Overreaction Monday: Seahawks need to draft a receiver to be WR1

Mandatory Credit: Joe Nicholson-USA TODAY Sports
Mandatory Credit: Joe Nicholson-USA TODAY Sports /

The Seahawks have quite a bit of offensive talent but that doesn’t mean the team can’t get even better. Taking a wide receiver high in the draft might be a good start. I know. I realize that sounds crazy, right? But this is an overreaction article.

But the idea in itself is not a bad one for a couple of reasons. Let alone that there are some very good receivers coming out in the 2023 NFL draft. If the Seahawks want to go big at receiver, they could do so with a player like TCU’s Quentin Johnson. He is 6’4″ and 215 pounds with great speed.

Or if Seattle wants to take a smaller receiver who might be a bit more versatile and can move around in the slot, North Carolina’s Josh Downs might be the player. Downs is 5’10” and 175 pounds with terrific hands and quickness. Plus, Downs doesn’t play small in big games. Against Clemson in the ACC Championship game this year, Downs had 11 catches for 100 yards.
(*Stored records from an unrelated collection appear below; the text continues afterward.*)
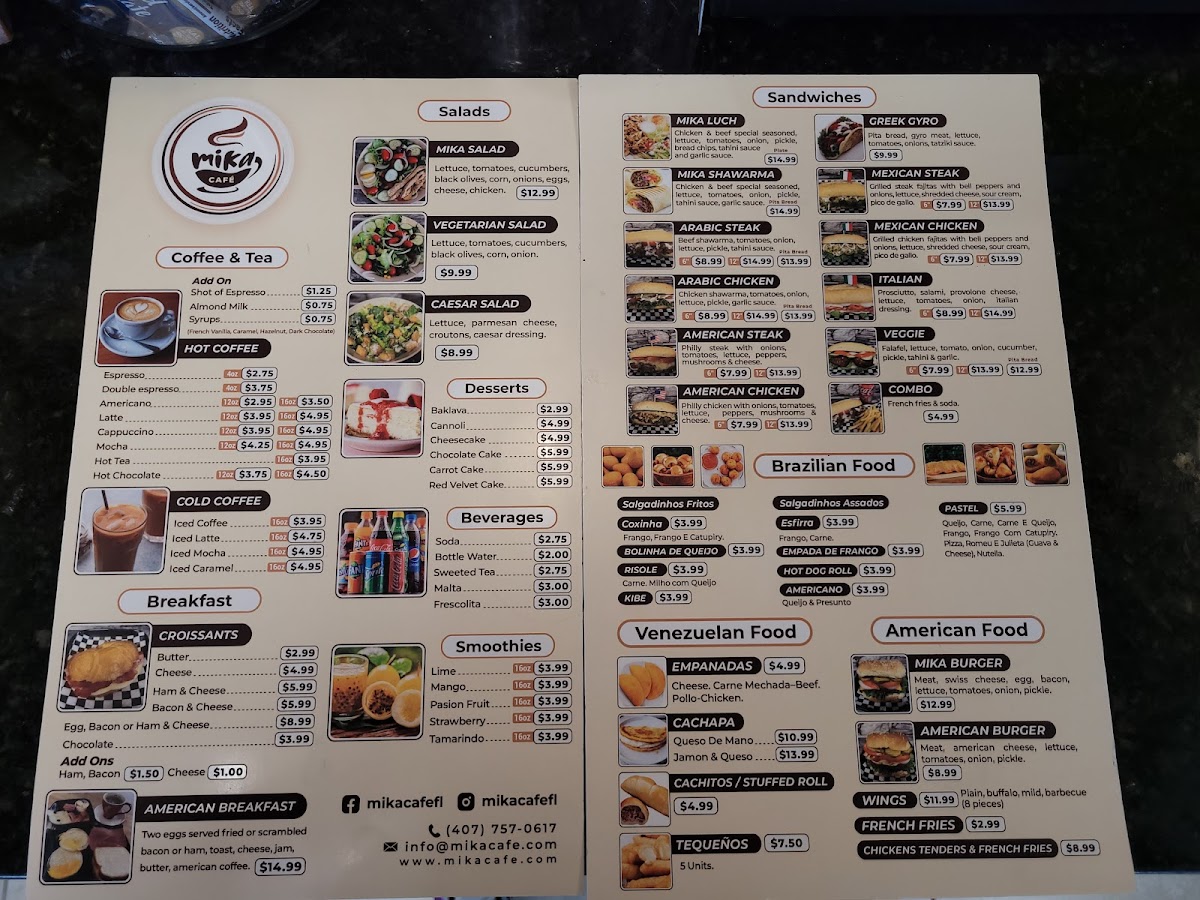 Overall, Mika Cafe's menu offers a delightful blend of fresh salads, indulgent desserts, satisfying American dishes, and internationally inspired sandwiches. Whether you're a fan of bold spices, classic comfort food, or light, refreshing meals, you'll find something to enjoy here.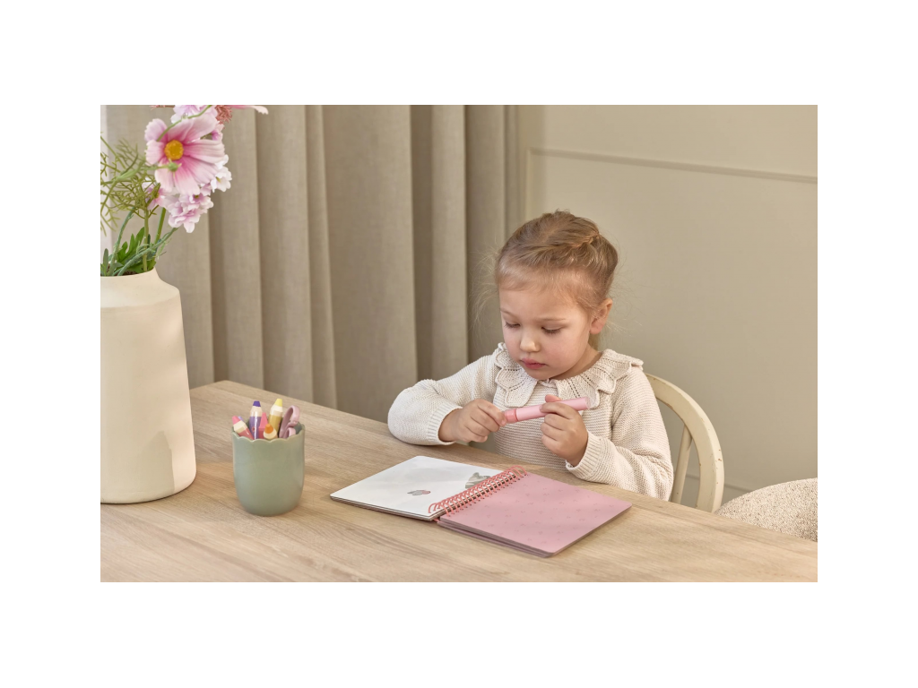 Díky kroužkové vazbě z pevného kartonu drží otevřená pro pohodlné malování.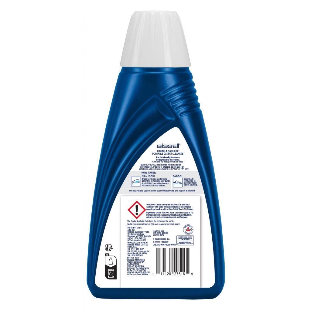 Produit vendu en lot de 6 bouteilles de 1 litre pour une utilisation régulière avec les nettoyeurs BISSELL.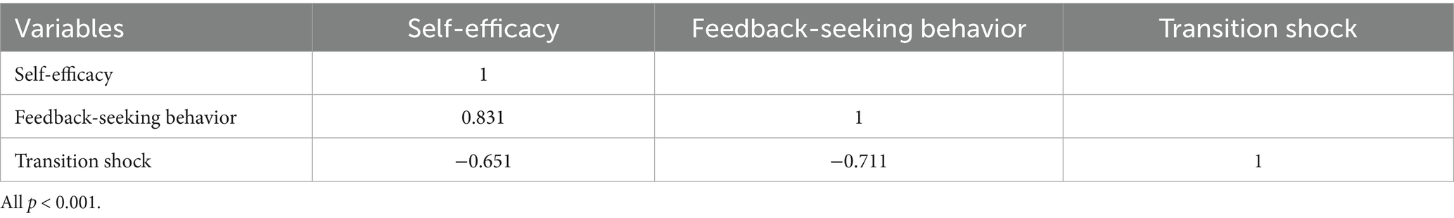 The lower levels of self-efficacy (r = −0.651, p < 0.001) and feedback-seeking behavior (r = −0.711, p < 0.001) were associated with higher levels of transition shock (see Table 2).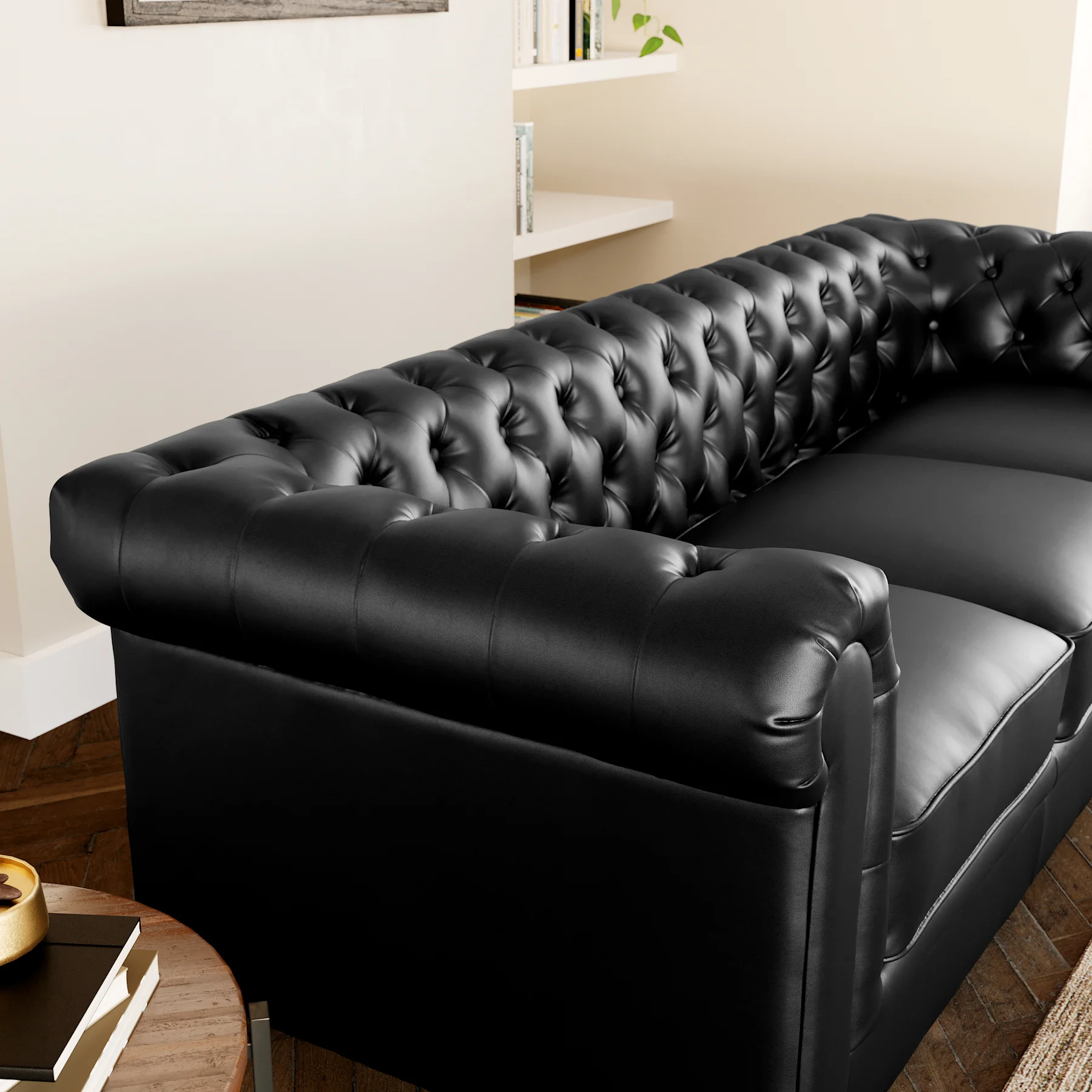 Hampton 3 Seater Chesterfield Sofa, Black Premium Faux Leather

The Seahawks need to find a WR1 in the 2023 NFL draft

But why, you may ask, do the Seahawks need a WR1? They already have DK Metcalf and Tyler Lockett. Two things here, Lockett is a small receiver himself and usually, the tread on a small receiver’s proverbial tires wears more quickly than a bigger receiver. Lockett, while still very good, will be 31 years old near the beginning of the 2023 season. Maybe he has two high-yield seasons remaining.

But based on what we have seen from DK Metcalf lately, and especially against the New York Jets in Week 18, Metcalf is better suited to be a WR2 instead of WR1. Metcalf simply misses catches that a WR1 needs to make. In Week 17, for example, Geno Smith threw a perfect pass in tight coverage to Metcalf in the back of the endzone. Metcalf, though, couldn’t keep both feet in and the pass was incomplete instead of a touchdown.
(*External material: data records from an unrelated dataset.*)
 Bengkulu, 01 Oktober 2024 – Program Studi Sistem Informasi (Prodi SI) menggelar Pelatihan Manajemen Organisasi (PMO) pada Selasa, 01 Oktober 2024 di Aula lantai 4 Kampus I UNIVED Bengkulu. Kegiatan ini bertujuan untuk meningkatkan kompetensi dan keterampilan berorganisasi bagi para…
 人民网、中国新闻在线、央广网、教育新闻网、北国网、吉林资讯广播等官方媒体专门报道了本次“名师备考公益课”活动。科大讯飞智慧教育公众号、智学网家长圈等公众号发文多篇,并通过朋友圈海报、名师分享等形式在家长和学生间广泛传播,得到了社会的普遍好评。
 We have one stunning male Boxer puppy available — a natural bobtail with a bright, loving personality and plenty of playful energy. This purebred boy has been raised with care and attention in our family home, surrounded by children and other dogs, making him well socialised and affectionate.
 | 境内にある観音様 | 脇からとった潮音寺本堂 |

Lockett would have caught the same pass. I say this because we have seen Lockett keep amazing body control and stay in bounds for important catches for most of his career. Lockett is a better pure receiver than Metcalf; Metcalf just is a physical freak who has the capability of doing ridiculous things on the football field. Again, though, Lockett is many years older than Metcalf and Lockett will have to be replaced sooner.

Metcalf on the Jets Sauce Gardner on Sunday, however? Complete mismatch. New York’s rookie shut Metcalf down. Metcalf finished with 1 catch (on 5 targets) for just 3 yards. In the second half, Metcalf had a chance to get a big play on a perfectly thrown pass by Geno down the sideline. The ball was just over two defenders and right where the ball needed to be for Metcalf to catch it, but he dropped it.

Now, mind you, Sauce Gardner is probably a future Hall of Famer (I say this and it’s only Gardner’s rookie year but Gardner is an unbelievable talent), and not having much production against him is nothing to cry about, but for a receiver of Metcalf’s ability to have 1 catch for 3 yards? The blame is almost as much to Metcalf than credit to Garnder, even though both are due. Metcalf is a very good receiver, but he isn’t a true WR1. He needs to be consistently better against great competition and make important catches more consistently.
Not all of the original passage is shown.